Singapore/New York/Johannesburg: Gold is enduring a wretched week with the biggest loss since November as investors contend with a stronger dollar and zero in on the prospect of multiple US interest rate increases this year.

Bullion fell as much as 0.5 per cent to $1,195.08 (Dh4,389) an ounce, the lowest since January 31, and was at $1,197.03 an ounce at 10.17am in London. It’s down 3.1 per cent this week as 10-year Treasury yields extended gains, making non-interest-bearing assets less attractive. Silver, platinum and palladium have also dropped.

Precious metals have been hammered by Fed officials including Chair Janet Yellen talking up the prospect of higher rates when they gather next week. Better-than-expected US private jobs data this week also boosted the dollar, before official payrolls figures are due later Friday. The European Central Bank, meanwhile, has signalled it won’t add to stimulus as growth picks up.

“It’s not about this one rate hike, it’s about the outlook and how far this can go,” John Meyer, a London-based analyst at SP Angel Corporate Finance LLP, said by phone, adding there could be as many as four rate increases this year. “I see US interest rates going up, jobs up, more confidence in the US economy and for that to lead gold lower.”

After the Fed raised rates once in 2015 and again in 2016, the pace looks set to quicken this year. The so-called dot plot illustrating policymakers’ projections suggests three increases in 2017. While economists see non-farm payrolls declining, possibly supporting gold, their projections have underestimated employment growth in February for five years in a row.

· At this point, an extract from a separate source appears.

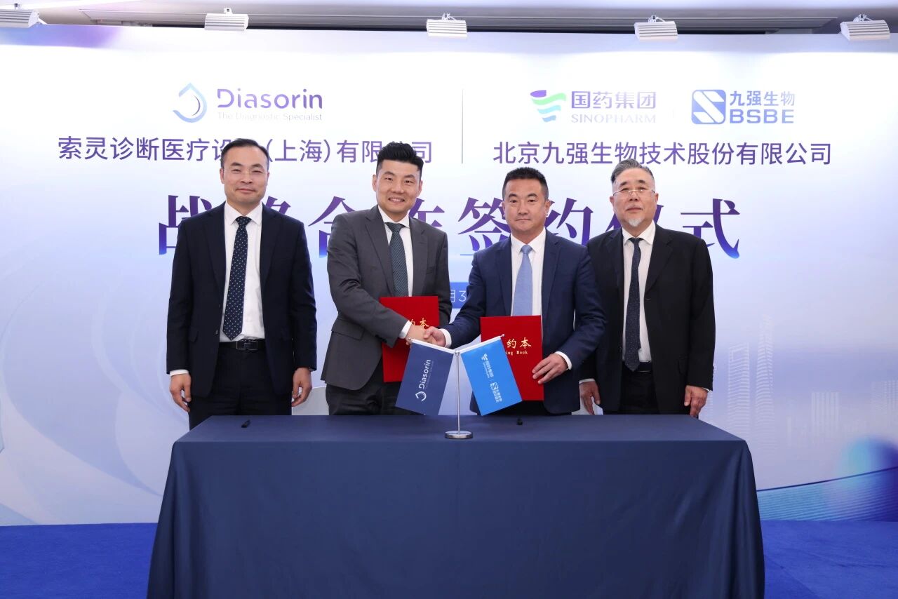 2025年12月3日,國內(nèi)體外診斷領(lǐng)軍企業(yè)北京九強(qiáng)生物技術(shù)股份有限公司與全球知名診斷公司索靈診斷(Diasorin)正式簽署戰(zhàn)略合作協(xié)議。雙方秉持“平等互利、優(yōu)勢(shì)互補(bǔ)、長期共贏”的核心原則,強(qiáng)強(qiáng)聯(lián)合、深度協(xié)同,共同開啟精準(zhǔn)診斷領(lǐng)域創(chuàng)新發(fā)展新篇章,為全球醫(yī)療健康事業(yè)注入強(qiáng)勁動(dòng)力!

“The immediate question now is the climate we may face after the rate hike comes to pass,” Barnabas Gan, an economist at Singapore-based Oversea-Chinese Banking Corp., wrote in a note dated March 10. While market watchers will be left wondering when the next rate hike is coming, uncertainty over European elections and a lack of clarity over Trump’s policies, may mean the fall in gold is short-lived, he said.